Степан Игнатьевич Рюкин, как о нём отзывались коллеги, – был писателем не высокого полёта. Да, ничего особенного, не всем же блистать. Среда (в смысле – место обитания или уголок, пастбище, площадка и так далее, как вам угодно) быть должна? Ну, где развиваться можно – как, скажем, болото для лягушек? Ква-ква во все стороны... кваканье – вещь приятная ведь.
 А так, что ж, Рюкин (можно пожать плечами для убедительности), – нормальный, на вполне просвещённый взгляд, чудак – вполне и вполне, что называется, в доску наш по самые уши. Никому плохого не делает, никому не мешает, вообще ничего неправильного не совершает, потому что... не ясно почему, правда. Короче, не подлец обыкновенный, не врун, не обидчив, не террорист-фанатик, не чиновник с потёртыми локтями... Потихоньку марает свою же собственную бумагу (по-современному – стукает по клавишам компа), хотя особых преференций с этого не получает. И даже не завидует никому из своей братии литераторов. Может, смирился с судьбой своей посредственной, а может, характер такой. Так что у нас к нему претензий, что называется, нема. Если человеку повезло, то не потому, что он к успеху стремился (в тайне да и явно, впрочем, мы все куда-нито стремимся), тут дело в случае может быть... А случай вот какой забавный произошёл с ним, Рюкиным Степаном.
Ехал как-то он на своей задрипанной «Тайге» (ещё ретро по сему поводу сочинили, видели, небось, руками трогали в автосалонах?)... Ехал, словом, и сам себе подсказывал (или машинёнке своей нашёптывал):
- Й-ехай-ехай, не останавливайся.
Но тут человечек с обочины помахал ручкой. Вообще-то Рюкин редко кого подбирал в последнее время – обжёгся на молоке и стал на воду дуть: типа – да ну их всех (моменты всякие бывают, вот и с ним случались: дорога – она такая, непредсказуемая... Ну да не будем отвлекаться). А тут тормознул чего-то, сам не понял, задумался да и поддался либеральной непосредственности...
- Подвезёшь?
- Садись.
Мужик показался солидным, без признаков придури.

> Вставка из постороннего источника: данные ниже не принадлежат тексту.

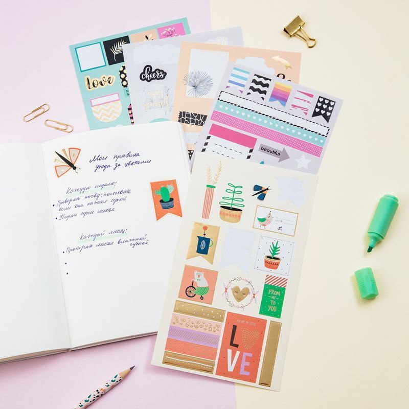 Набор состоит из 5 листов, 150-200 наклеек размером 210*120 мм и включает в себя 150-200 наклеек. Яркие современные дизайны сделают творческий процесс увлекательным и подарят отличное настроение.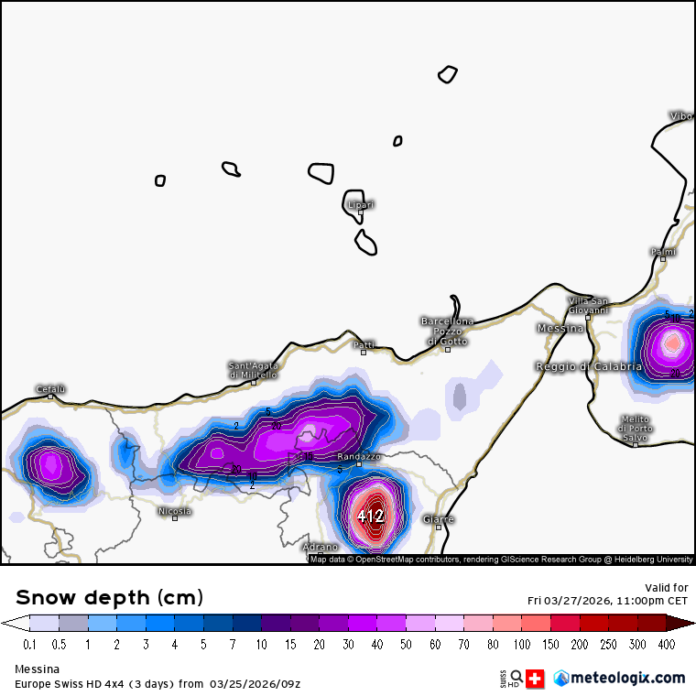 La quota neve, di pari passo, vedrà un netto calo di quota dalle ore serali, consentendo fioccate dai 700m in caso di rovesci moderati/forti e dando luogo a nevicate con accumulo oltre i 900/1000m tra i Nebrodi e i Peloritani. Entro fine giornata potranno accumularsi intorno ai 10cm sui rilievi nebroidei più elevati ed interni.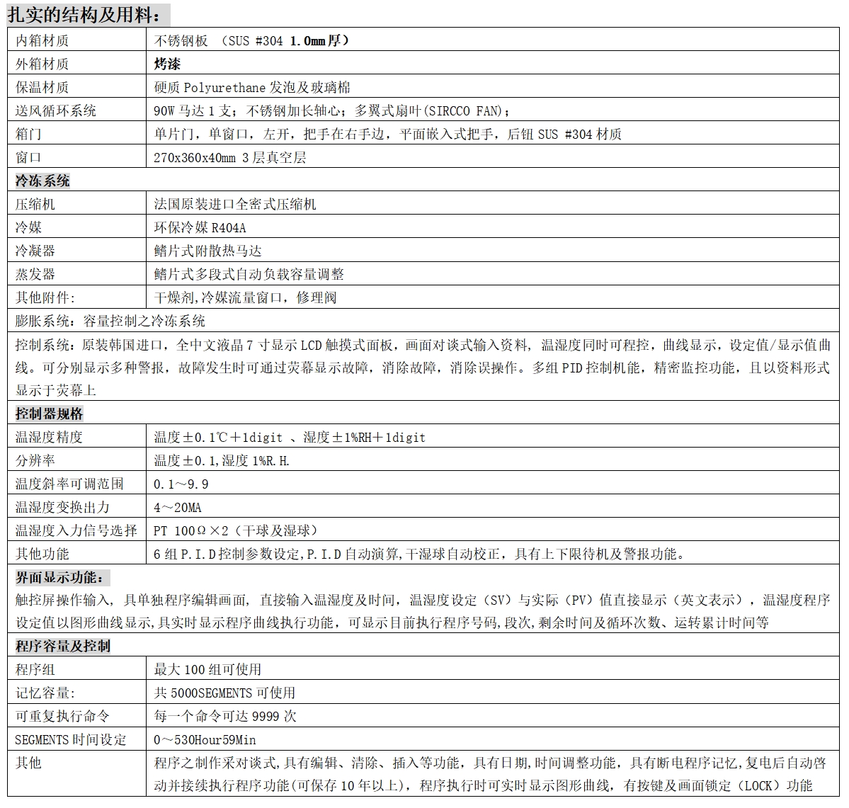 電源線4.0 mm2x3蕊;USB導(dǎo)出端子一個(gè);不銹鋼SUS #304方型沖孔鋼板置物架2片;不銹鋼可調(diào)整間距40mm置物架軌道2組;11W節(jié)能照明窗口燈一支;機(jī)體左側(cè)ψ50mm測試孔1個(gè)(附不銹鋼孔蓋1只,硅膠塞頭1只);標(biāo)準(zhǔn)測試用不織布1片;控制器使用說明書一套;操作說明書一套。

- А эту свою, инушку, - глянул в зеркало Рюкин на покидаемую красавицу-«иностранку», - бросил, что ли, воронью? «Паеро»? Не жалко будет – расклюют-растерзают?
- Ин-нушка? Хм. Ну да, наверно, будет жалко, если...

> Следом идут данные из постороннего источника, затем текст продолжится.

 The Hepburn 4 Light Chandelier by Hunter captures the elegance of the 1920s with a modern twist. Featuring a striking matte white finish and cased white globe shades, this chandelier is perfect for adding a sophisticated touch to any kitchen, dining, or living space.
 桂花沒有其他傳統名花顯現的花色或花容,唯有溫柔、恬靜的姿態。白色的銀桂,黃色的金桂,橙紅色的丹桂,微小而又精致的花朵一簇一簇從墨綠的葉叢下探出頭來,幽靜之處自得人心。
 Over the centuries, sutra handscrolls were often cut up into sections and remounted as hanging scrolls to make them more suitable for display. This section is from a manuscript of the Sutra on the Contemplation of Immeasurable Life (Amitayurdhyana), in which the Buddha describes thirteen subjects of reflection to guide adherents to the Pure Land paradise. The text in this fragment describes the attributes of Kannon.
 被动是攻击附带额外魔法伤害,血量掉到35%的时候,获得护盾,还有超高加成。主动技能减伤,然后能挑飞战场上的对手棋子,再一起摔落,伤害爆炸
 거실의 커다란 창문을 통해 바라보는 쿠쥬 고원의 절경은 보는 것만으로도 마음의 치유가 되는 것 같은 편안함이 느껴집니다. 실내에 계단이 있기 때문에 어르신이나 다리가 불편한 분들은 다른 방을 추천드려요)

- Капот тогда хоть захлопнуть.
- Захлопнут, кому положено.
- А-а, понял – начальство?
- Вроде того.
Поехали. Рюкин внимательней, быстренько так глянул на нечаянного пассажира – по писательски, так сказать.
Обогнала иномарка (по-рюкински – «инушка») и встроилась под нос таёжной. А вторая, похожая (обе серебристые), – всунулась под самый выхлоп. Первая тут же стала притормаживать и покатила вальяжно-прогулочно – аж зубы у Степана через минуту заломило: он на своей драндулетке меньше сотни не скакал, а тут явный прикол. И так, троицей, пошли на сорока-тридцати-двадцати – точно в плен повязали таёжно-зелёненького, среднего меж серебристых. Рюкин резко придавил газульку и одновременно вывернул на встречку. Но не тут-то было – и серебряный конёк прибавил немедленно и с саркастической готовностью посоревноваться в прыти. А навстречу, узрел Рюкин, уже мчался трейлер – и фарами моргал ошарашено. Степан попытался воротиться на прежнее место, но его уже занял другой серебристый конёк. Трейлер сипло завыл – в отчаянии: не успеваю-де тормозить, тварь подколодная! Степан оскорблено сжал зубы и яростно глянул на оскалившуюся за стеклом «инушки» мордашку юнца. «Говнюк!.. – пыхнул в черепной коробке зигзаг молнии, и немедля – решение: – Таран!» (А больше ничего не оставалось).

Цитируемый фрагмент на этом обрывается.